Every bill creates winners and losers. Here's who stands to gain and who bears the cost.

Who Benefits

  • School psychologists — receive federal recognition that professional groups can use for recruitment, public relations, and lobbying for workforce investment.
  • K–12 students and families — stand to benefit indirectly if heightened awareness leads districts to expand screening, early intervention, or referral pathways.
  • Professional associations (e.g., NASP, APA) — gain a congressional reference to anchor public campaigns, training initiatives, and policy advocacy.
  • School districts and state education agencies — obtain a low‑cost, legitimate occasion to run outreach, professional development, or recruitment drives tied to a federal designation.
  • Mental‑health advocates and policymakers — can cite the resolution in advocacy materials to press for funding or program changes at state and local levels.

Who Bears the Cost

  • Local school districts and state agencies — while the resolution contains no funding, organizing observances, events, or promotional campaigns will consume staff time and modest budget resources, which are scarce in under‑resourced districts.
  • Professional associations — expected to coordinate awareness efforts and communications, absorbing administrative and event costs.
  • Congressional staff and committees — incur minimal procedural costs processing and referring the resolution; the material burden is administrative rather than fiscal.
  • Teachers and school staff — may see increased referrals or expectations for participation in awareness activities without accompanying time or resources.
  • Communities with limited access to school psychologists — face the risk that publicity raises expectations for services that local systems cannot meet without additional investment.

Key Issues

The Core Tension

The central dilemma is symbol versus substance: Congress can lend visibility and legitimacy to school psychology through a low‑cost designation, but without parallel commitments to funding, workforce development, and service infrastructure the designation risks raising expectations it cannot fulfill and may unevenly benefit better resourced jurisdictions.

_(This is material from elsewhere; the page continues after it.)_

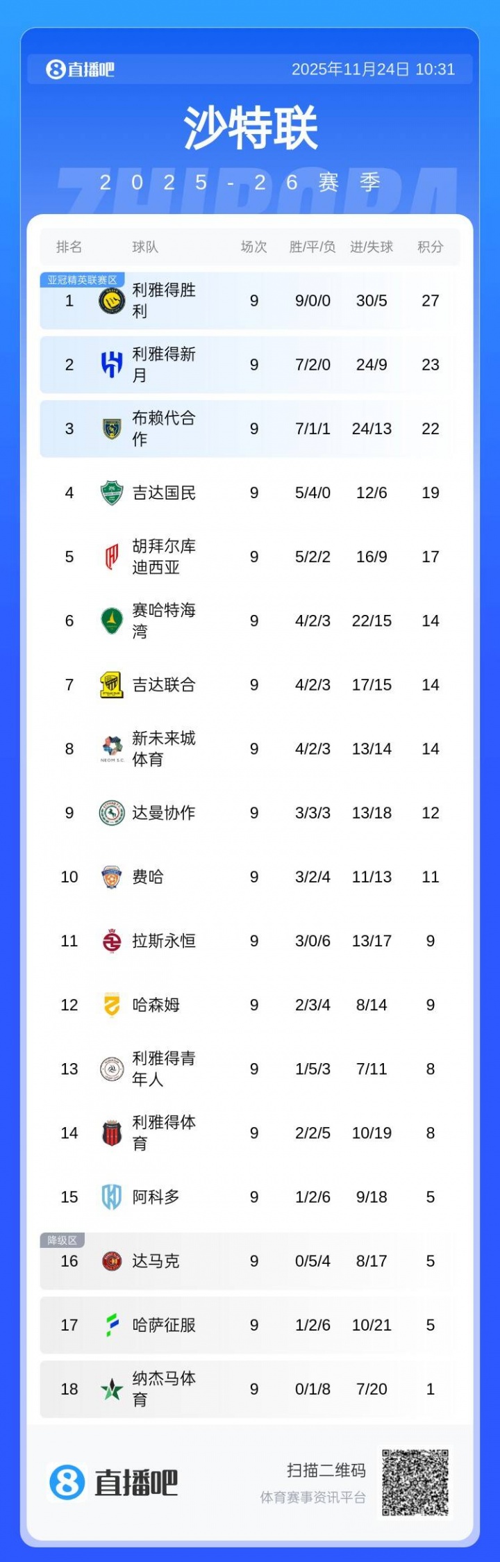 你的位置:意甲直播 > 德甲球队 > 沙特联积分榜:奏效全胜4分领跑,月牙不败居第2,卫冕冠军仅第7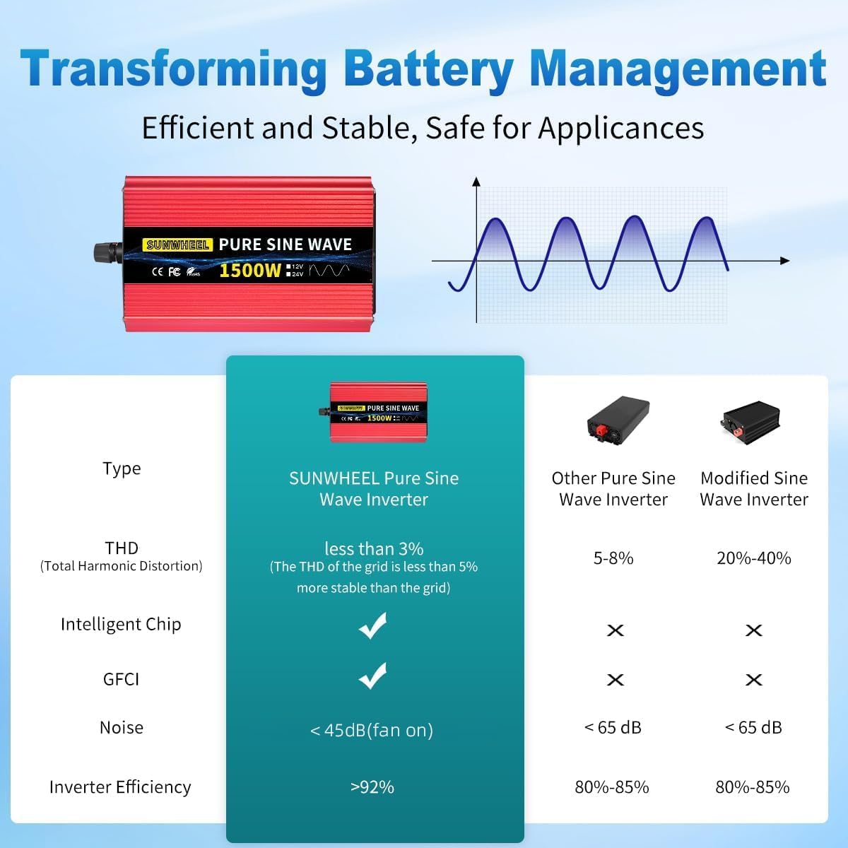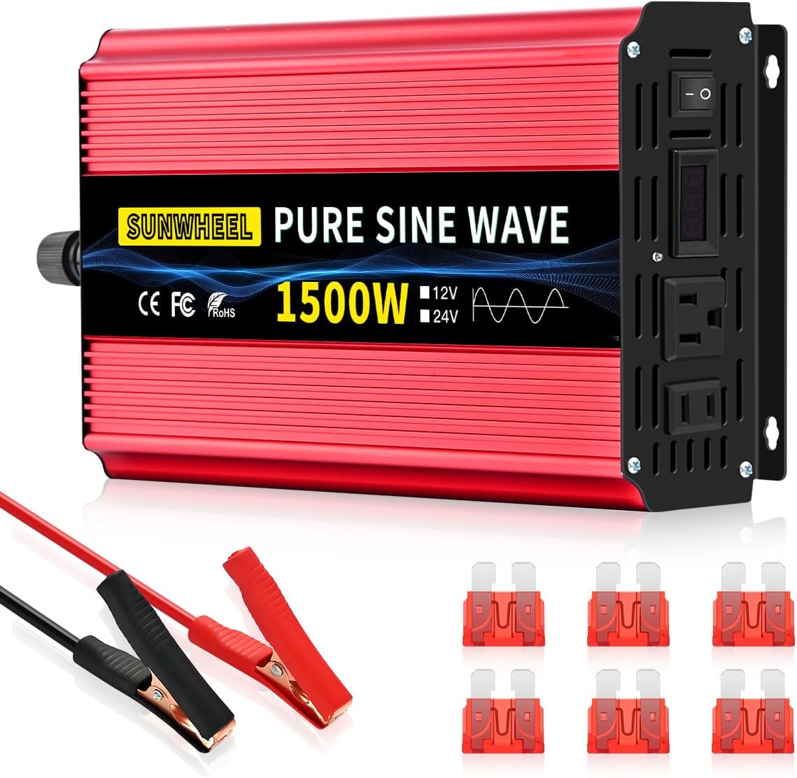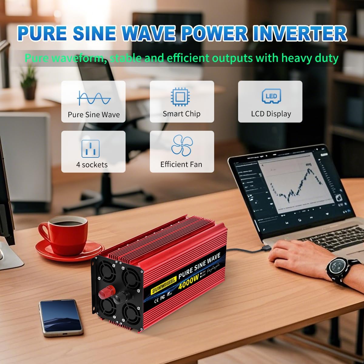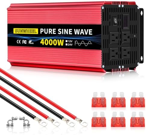 SUNWHEEL 4000W Pure Sine Wave Inverter, 12V DC to 110V/120V AC Power Inverter for RV、Microwave、Off Grid、Truck、Refrigerator、Air Conditioner with 4 AC outlets and LCD Display

The resolution creates a clear symbolic benefit but no legal or financial mechanisms to expand services. That gap is the primary implementation challenge: designation alone cannot address well‑documented shortages in the school psychology workforce or the funding needed for sustainable school‑based mental‑health services.

When a congressional body records workforce numbers and endorses observances, stakeholders will likely use that endorsement to argue for concrete policy changes; whether those arguments translate into appropriations, licensure reforms, or hiring incentives is a separate and resource‑intensive process.

Another tension concerns equity of impact. Well‑resourced districts and national associations can quickly convert the designation into visible campaigns and recruitment, while rural or underfunded districts may be unable to run events or add staff, potentially widening disparities between districts.

Finally, because the resolution is non‑regulatory and ceremonial, it leaves open practical questions about who should coordinate observances, what messages to prioritize (public education vs. clinical access), and how to measure whether awareness activities produce measurable improvements in screening, referrals, or student outcomes.